I have a 30 year old house that was never wired for TV so my dish has cables running along the sides of my house and in through holes drilled through the house. I'm interested in finding out how much I could expect to pay to have a 2 story, 4 bedroom house wired for TV and internet.

Anyone have any ideas?


----------



## RyanBruner (Sep 17, 2008)

Well, not exactly what you're asking for, but we recently had AT&T's U-verse installed in our home, and installation was free.  They send out a professional installer.  I've heard of a few cases where they had 2 days of work, but it was all still free.  So, if you're interested in AT&T's U-verse for TV and internet, it could be a great way to go.  (We love U-verse...we had cable and internet through Comcast before, but we get better service for a cheaper price, including features we didn't have before.)


----------



## hondadrv24 (Sep 17, 2008)

do you have access to the basement ceiling or attic?  if so once you get cables in to there it is just a matter of drilling down or up into the wall cavities and then cutting your box in the wall.  once you have that done go fishing and pull the cables into the box where you want them.  
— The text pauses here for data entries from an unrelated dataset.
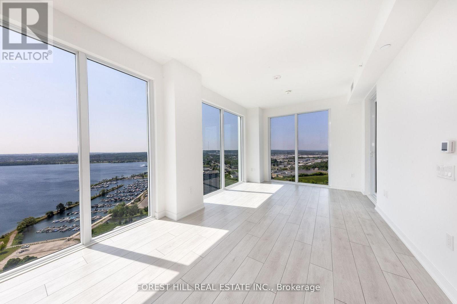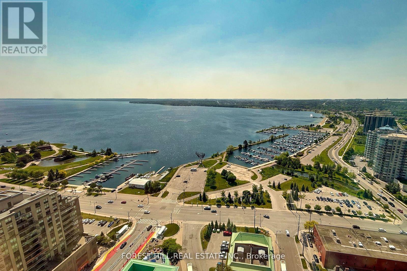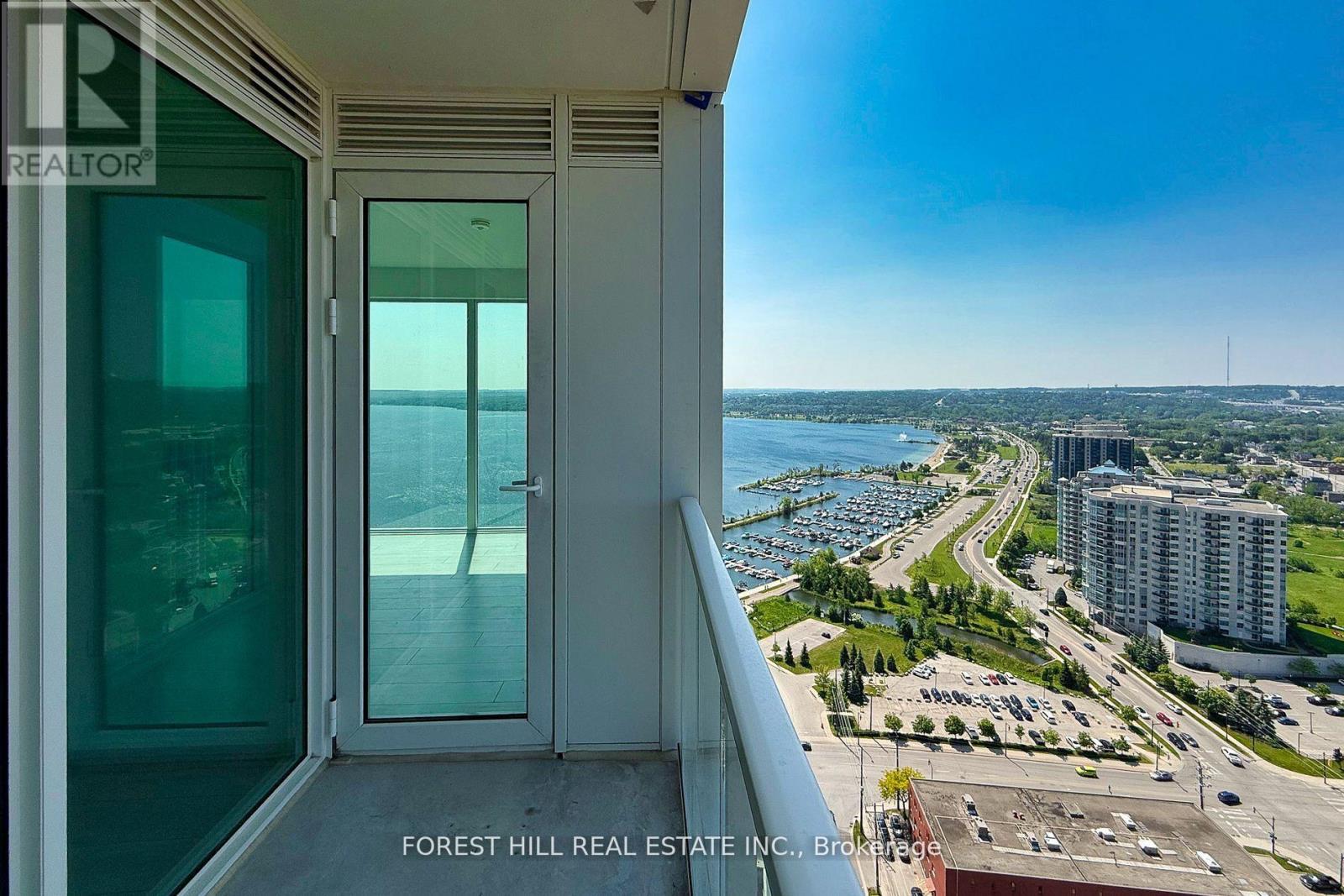 Incredible opportunity, Welcome to Suite 2709 at Debut Condos where luxury meets unmatched lakefront views Barrie's tallest and most iconic residence. This beautifully appointed 2-bedroom + den condo(Den can be used as a 3rd bedroom) offers over 1,000 Sq.Ft. of bright, open-concept living space with floor-to-ceiling windows and picturesque views of Kempenfelt bay. Enjoy a sleek, modern kitchen with state-of-the-art appliances that flows seamlessly into the living and dining area perfect for entertaining or relaxing. The primary suite features a spacious walk-in closet and private ensuite. Complete with premium underground parking located directly across from the elevators, this unit combines convenience and elegance. Just steps from Centennial Beach, Barrie Marina, dining, shopping, trails, and public transit, this unbeatable location is unmatched. (42101603)
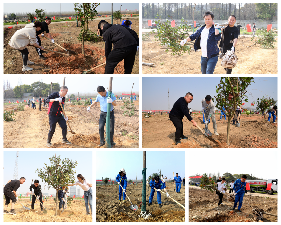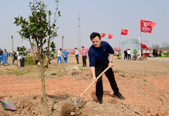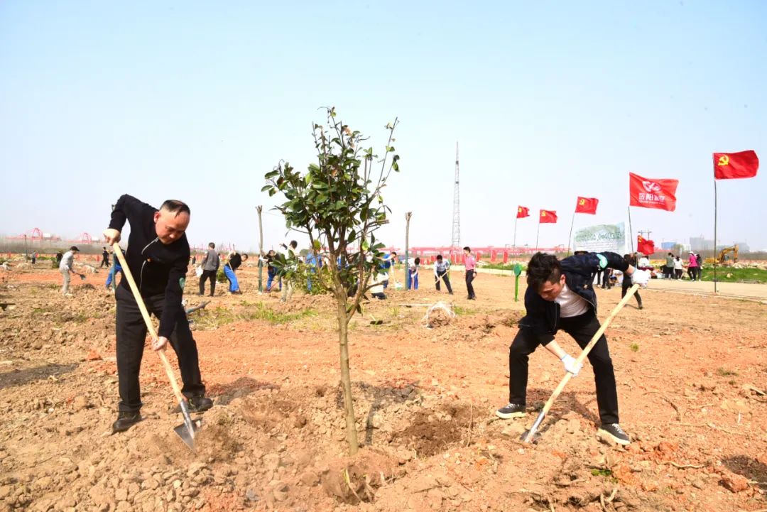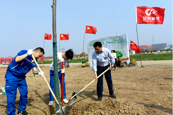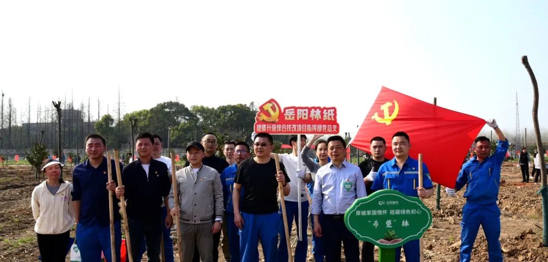 新时代新项目新征程,项目梦生态梦同梦同圆。3月15日,岳阳林纸提质升级综合技改项目一期建设工地,党旗招展,号子交融,一场“春天植绿人的聚会”依约而来,公司领导叶蒙、李战、袁国利、钟秋生、赵庆义、尤昌善、吴登峰,与岳阳林纸生态浆纸、生态园林、生态农林、生态化工“四大生态大家庭”的百余名员工挥锹培土,为新项目打造第一道绿色长廊。
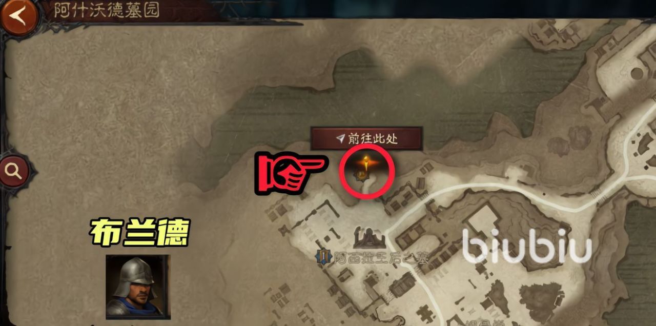 3、布兰德位于阿西拉王后之墓正中间上方位置如下方图红色圈位置,位于埋骨堂上方。
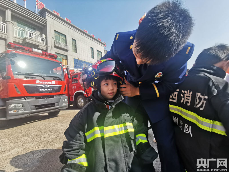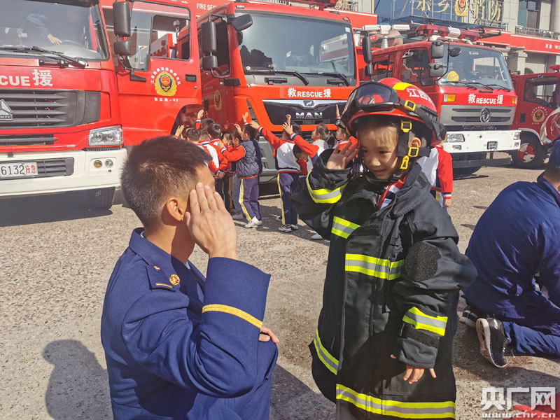 穿上消防服,長大我也要當消防員(央廣網(wǎng)發(fā) 通訊員供圖)
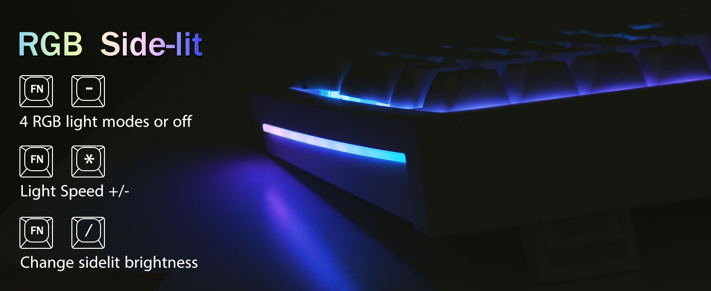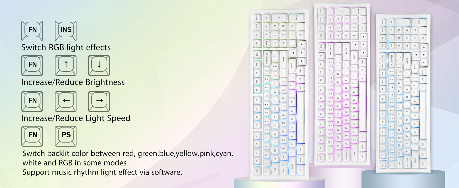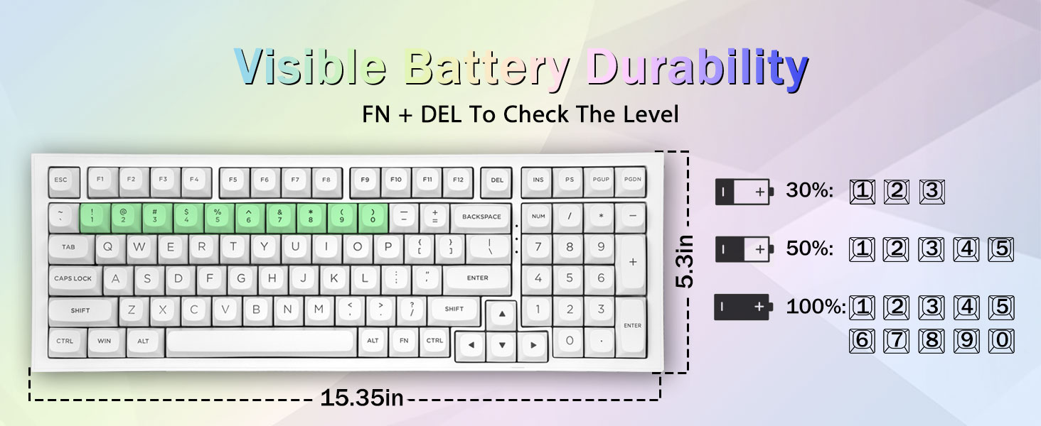 PBT Keycaps and 4000mAh Battery: 99 keys 96% layout compact keyboard can save more desktop space while keep necessary arrow keys and number area for games and work. The rechargeable keyboard built-in 4000mAh large capcacity battery to provide more power and longer battery life. Double shot PBT keycaps, made from two colors material molded into each others, make the keycaps characters maintain the vibrance and saturation, clear and not fade.
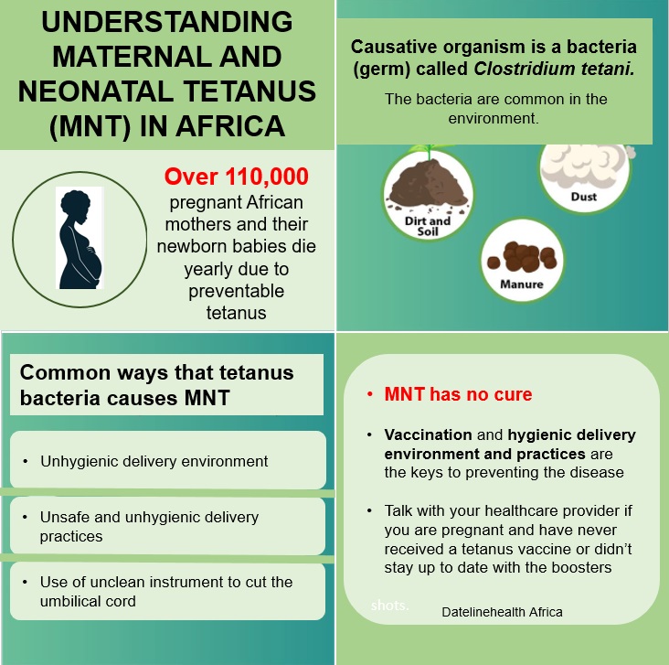 Tetanus is a preventable disease that affects African mothers and their newborn babies. The World Health Organization reports that over 110,000 African mothers and newborn babies die yearly due to tetanus. Neonates (babies aged 0-28 days old) die within seven days if they contract tetanus from their mother [1].
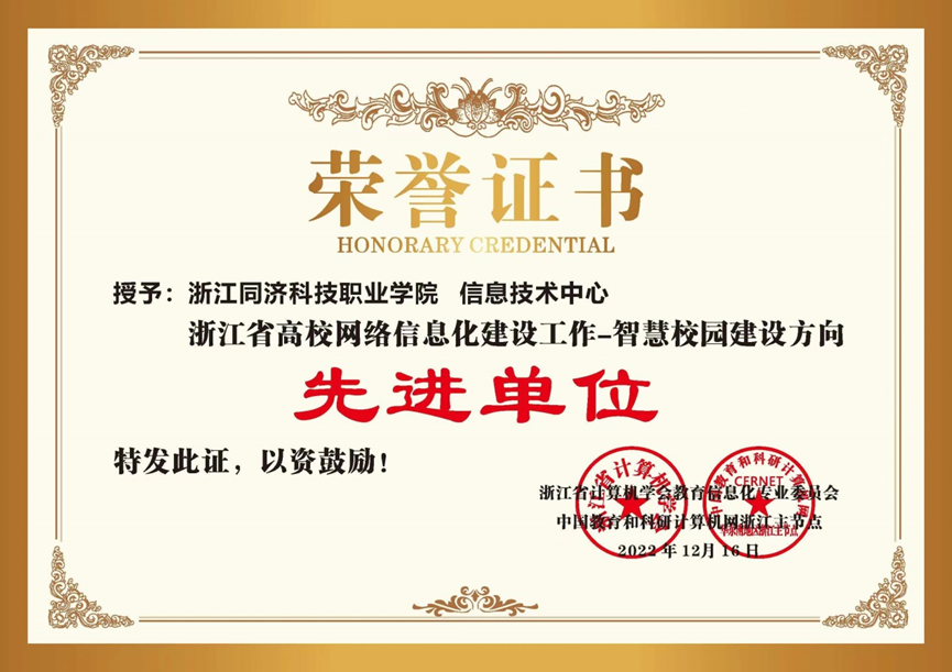 近日,浙江省计算机学会教育信息化专业委员会、中国教育和科研计算机网浙江主节点联合表彰了一批高校网络信息化建设先进单位和先进个人。我校喜获“2022年浙江省高校网络信息化建设工作先进单位——智慧校园建设方向”、“2022年浙江省高校网络信息化建设先进单位--网络安全方向”两项荣誉,王昌云荣获“浙江省高校网络信息化建设工作先进个人”。
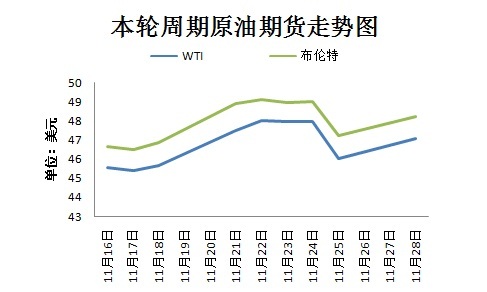 本輪計(jì)價(jià)周期內(nèi),國(guó)際原油價(jià)格呈現(xiàn)先漲后跌再漲態(tài)勢(shì)。截至11月28日收盤(pán),當(dāng)日,美國(guó)WTI原油期貨漲1.02美元,報(bào)收47.08美元/桶;布倫特原油期貨漲1.00美元,報(bào)收48.24美元/桶。
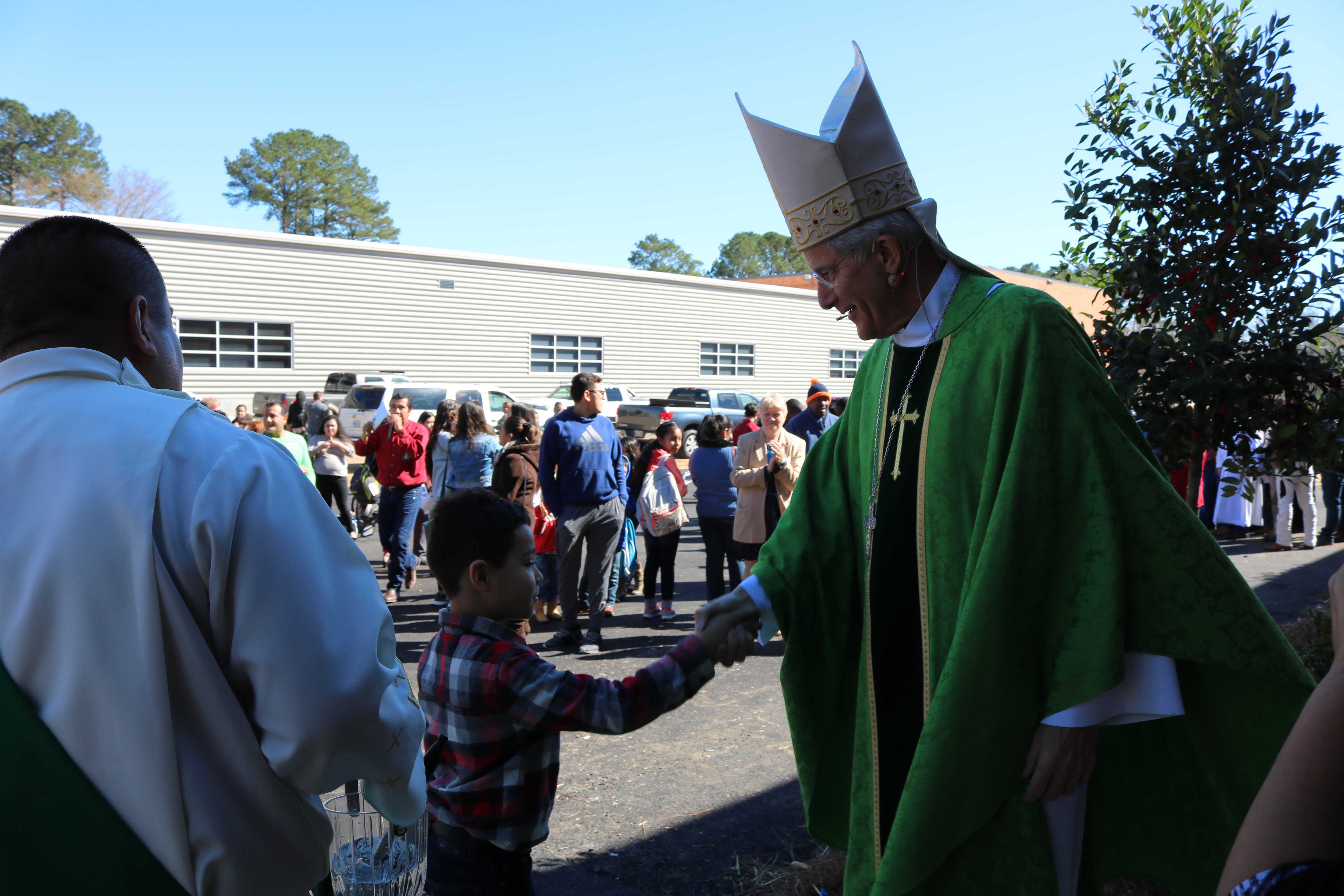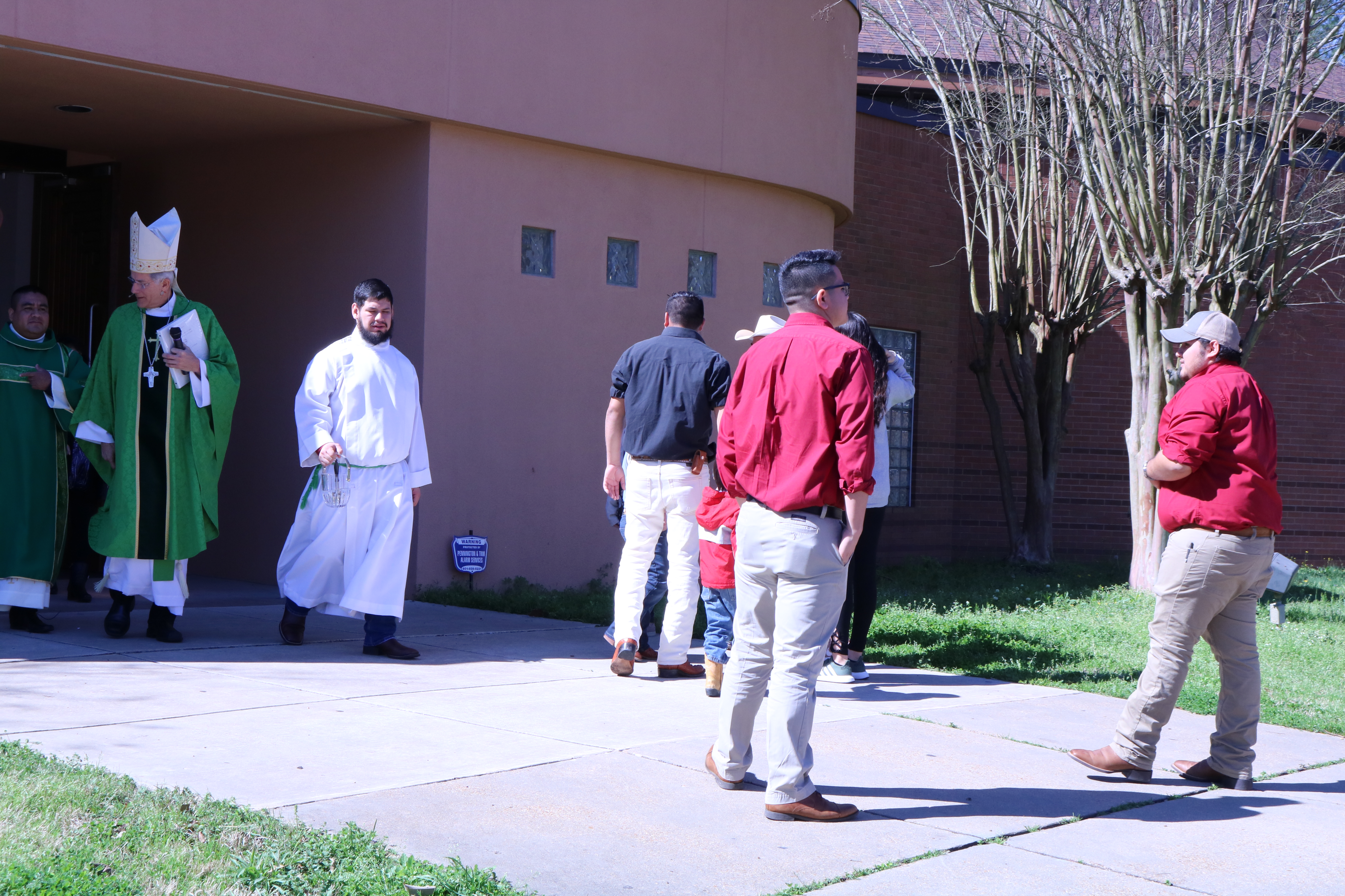 JACKSON – Sunday, Feb. 24, was a sunny and cool day, perfect for the dedication of St. Therese Parish New Life Building. After several days of rain, the weather cleared and Bishop Joseph Kopacz, Msgr. Elvin Sunds, pastor, Deacon Adolfo Suarez and parishioners stood outside the new building after the 12:30 bilingual Mass for the blessing and dedication.
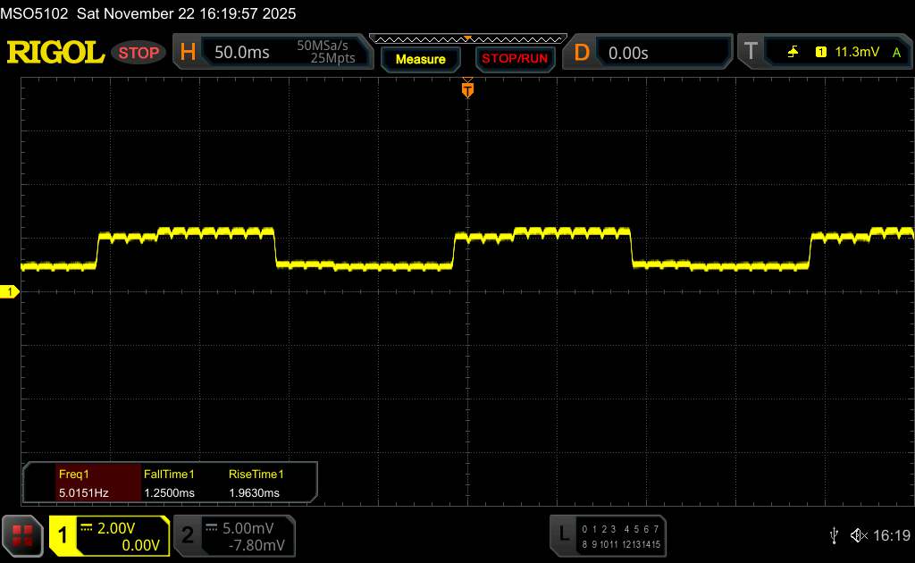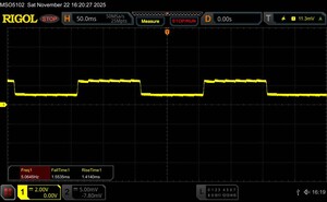 Da es sich um ein OLED-Panel handelt, wird die Bildschirmhelligkeit mittels Pulsweitenmodulation gesteuert. Laut Hersteller setzt das iQOO 15 auf eine Hochfrequenz-PWM-Dimmung mit 2.160 Hz, wodurch potenzielle negative Effekte, wie Flackern, reduziert werden. Unsere Messungen mit der Rigol-Software ergeben ein Grundfrequenz von etwa 560 Hz.
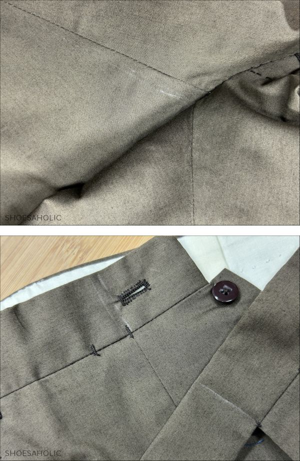 | 商品説明 | ●出品ID:115 ●管理コード:5250 ●ブランド:コスタンティーノ(アンティコ・パンタローネ) ●アイテム:パンツ(おそらくビスポークですが、サイズのタグが付いています。) ●サイズ:46~48位? ●カラー:オリーブ(写真の色よりもう少し緑がかっています。縫い代の写真の色味に近いです。) ●素材:コットン ●パンツ実寸値(採寸方法によって多少誤差が発生します。) 股下(股下の縫い目から裾まで):68.0cm 股上 (股下の縫い目からウエストまで):28.0cm ウエスト(平置きした状態で計測):42.0cm ワタリ(股下の縫い目部分の前見頃と後ろ見頃の距離):31.5cm 裾幅(裾の幅):19.0cm ●付属品:なし ●全体的な状態:B ( A:試着程度 B:使用数回 C:極上 D:美品 E:中古 F:一部訳あり) ●状態の特記事項 ・ナポリの服は着心地が柔らかい分、すぐに糸がほつれますのでご了承下さい。 ・コスタンティーノの服ですが、製造元のアンティコパンタローネのタグが付いています。 ・生地の反射で茶色がかって見えますが、実際はもう少しオリーブに近い色味です。縫い代の写真の色味に近いです。 ・表地や縫い代に製造時のチャコの跡があります。 ーーーーーーーーーーーー<お知らせ>ーーーーーーーーーーーーー ●お問い合わせについて:質問フォーム またはお電話でお願い致します。 ●実店舗について:店名:シューホリック 所在地:東京都国立市東2-6-6 フジノビル2階 ●営業日について:公式サイト上トップページの「インフォメーション」にてご確認下さい ●発送について:定休日・臨時休業日・土日祝日・休暇中 以外の営業日に行います、 ●送料について:ヤマト宅急便 元払い(日時間指定・営業所止め可)の全国一律1000円(北海道、沖縄は+500円) ●入札について:落札後24時間以内に必ず連絡の取れる方、落札後3日以内に決済可能な方のみご入札下さい。 ●お値引きについて:承っておりません。 ●返品について:商品の不備や記載ミス以外、気に入らなかった、サイズが合わなかったなどお客様都合での返品は受け付けていません。 ●評価について:評価は基本的に当ストアよりは差し上げておりません、ご希望の場合お知らせ下さい。 ●同時販売について:実店舗や公式サイトでも併売をしているため、以外で完売後に上で掲載の取り下げが間に合わない場合があり、ご落札後のキャンセルをさせて頂く場合があります。 ●特定商取引法に関する表記● ・販売業者 株式会社 シューホリック ・事業内容 高級靴・高級鞄を専門に販売、輸入および買取業務。 ・運営統括責任者 井上 祐太 ・古物営業許可証 株式会社 シューホリック 東京公安委員会 308891606450 ・郵便番号 〒186-0002 ・住所 東京都国立市東2-6-6 フジノビル2階 ・電話番号:042-508-3596 会社携帯電話:070-4100-5694 ・お支払い方法 かんたん決済 ・お支払い期日 ご落札後 3日以内 .26 |

I have no idea what a contractor would charge, but you could do this yourself.  they make special drill bits that are long and after you drill through you can attach a chinese finger trap to grip the wires and then pull them through, or just go the old fashioned way with the fish tape 
good luck
Justin


----------



## triple D (Sep 18, 2008)

It would run you 75 dollars a line(thats cable, phone, or ethernet) so a jack with two sattelite for duel recieve, and a phone is 225 dollars, ect., ect. This price would include a media box sized accordingly for your set up, "complete trim out of wall jacks", and hook up of phone lines and the cat5 wires trimmed with ethernet male ends  (in media box), and the cable ends in box are for your sattelite guy to handle. Hope this helps out some, bear in mind these prices are for the seattle area, your local guys may differ greatly. And it is cheaper on new construction. Good luck.....


----------



## SeattleDIY (Nov 10, 2008)

I ired my Whole hoyse for cable Tv,Sat  and cat5 cable. Lot of work but doable for the Average DIYer. Need fishtape,a glowfish and drill and bits  and drywall saw and you are ready to learn


----------